As the days count down to the start of the 2019 MLB season, what is there to get excited about when you talk about the Seattle Mariners? Unfortunately for me, not much.
General manager Jerry Dipoto retooled 90 percent of last year’s roster, and most all of the familiar faces have been traded or released. Gone from the roster are James Paxton, Robinson Cano, Nelson Cruz, Jean Segura and All-Star closer, Edwin Diaz. That is a lot of baseball talent playing elsewhere this season. How then are fans expected to get behind this team? “It’s a step backward in our journey for greatness,” we’re told. What the hell does that mean?
I guess the lack of success calls for drastic measures apparently. But did every watchable player need to disappear? Give the fans at least a little something to watch while this experiment unfolds. Good luck selling tickets this year. This could be a truly embarrassing season attendance-wise. A rainy Tuesday night in June when this no-name team is already smelling Houston’s dust doesn’t really translate into big crowds. That is a lot of bobblehead dolls to sell to fill seats.
If you listen to the team, fans should be excited about the new and improved bodies that Felix Hernandez, Dee Gordon, and Kyle Seager bring to Arizona for the preseason. Haven’t we heard that before? They’re eating better, lost weight, gained muscle, and are actually healthy. This will finally be their season. Really?
Seager and Hernandez are coming off their worst seasons ever. Hernandez had an 8-14 record with a 5.55 earned run average and got demoted to the bullpen midseason. He is just 24-27 over the past three seasons as fans have watched him steadily decline from his all-star status when he earned the nickname The King. For the second straight spring training he arrived “in the best shape of [his]career.” Having traded most all of the starting pitching talent from last season, the M’s are forced to roll out a 32-year-old pitcher and his $27 million contract. Does that get you pumped?
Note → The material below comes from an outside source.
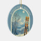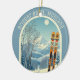 Ornament from a wonderful skiing holiday in the beautiful mountains of Bridger Bowl Montana ski area! This Ornament features an arch with a stunning blue-grey mountain landscape and retro ski boards in an orange tribal pattern in the foreground. The rest is in a lovely light blue tone with the location lettering in a modern font. The design is a lovely combination of retro and modern, and I hope you enjoy it!

Kyle Seager would have been benched by most teams last season as he continued his downward career spiral. He had a .221 average with 22 home runs and a .273 on-base percentage, by far the worst season of his career. He battled toe and back issues all season and was a liability on defense with 14 errors (50 in the last three seasons).
After an offseason of eating right, losing weight, and gaining muscle, Seager is now supposed to excite us as the starting 3rd basemen again? I think his $19 million salary has more to do with his spot in the lineup than his new body. Fans have been waiting to witness a breakout season and to see him live up to expectations. At 31 and in a three-season statistical decline, Seager is virtually doomed.
Dee Gordon was Mr. Utility in 2018, bouncing around second base, center field, and even shortstop. We’re now told his decline was due to feet and toe issues that never healed during the season. He couldn’t run properly, and it affected his fielding and especially his swing at the plate. He had a career-low season, batting .268 with a .288 OBP and stealing just 30 bases.
Do you see the pattern here? It just doesn’t generate much room for enthusiasm.
If those three can indeed stay healthy and drastically improve their poor performances from last year, there may be a glimmer of hope, however. There are tons of question marks about most all the young players making up this year’s roster. But hopes are high for the likes of Mitch Haniger, pitcher Marco Gonzales, and the team’s no. 1 prospect, Justus Sheffield.
The optimist in me hopes this “retooling” year will generate some flashes of excitement. But the pessimist in me is so jaded from the past 18 years of getting kicked in the stomach repeatedly, that everything points to a very unfulfilling season. AGAIN.